Task prompt |
Pictures aside, write every record out again word for word.

Extracted data entries:

■ ■ ■ ■ ■

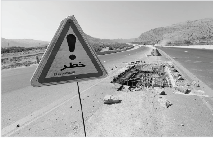
تصادفات فیزیکی جاده تصادفات رفتاری راننده
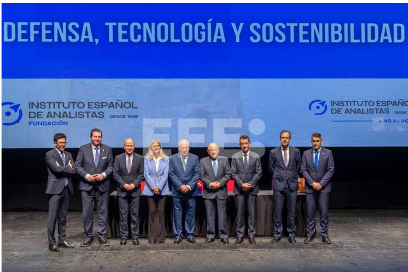
MELILLA, 23/03/2026.- Foto de familia de los participantes en la Jornada 'Defensa, Tecnología y Sostenibilidad' organizada por la delegación de Andalucía del Instituto Español de Analistas este lunes en el Teatro Kursaal Fernando Arrabal de Melilla.

Jornada Defensa, Tecnología y Sostenibilidad organizada por la delegación de Andalucía del Instituto Español de Analistas
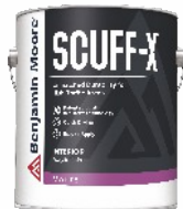
SCUFF-X® Interior Matte Finish N484

Wodorozcieńczalna, lateksowa farba akrylowa z innowacyjną, opatentowaną technologią „Scuff-Resistant” odporna na czarne ślady i przetarcia, przeznaczona do malowania ścian wewnętrznych w przestrzeniach o wysokim natężeniu ruchu. Mat.

■ ■ ■ ■ ■

Reply |
تصادفات فیزیکی جاده تصادفات رفتاری راننده
MELILLA, 23/03/2026.- Foto de familia de los participantes en la Jornada 'Defensa, Tecnología y Sostenibilidad' organizada por la delegación de Andalucía del Instituto Español de Analistas este lunes en el Teatro Kursaal Fernando Arrabal de Melilla.

Jornada Defensa, Tecnología y Sostenibilidad organizada por la delegación de Andalucía del Instituto Español de Analistas
SCUFF-X® Interior Matte Finish N484

Wodorozcieńczalna, lateksowa farba akrylowa z innowacyjną, opatentowaną technologią „Scuff-Resistant” odporna na czarne ślady i przetarcia, przeznaczona do malowania ścian wewnętrznych w przestrzeniach o wysokim natężeniu ruchu. Mat.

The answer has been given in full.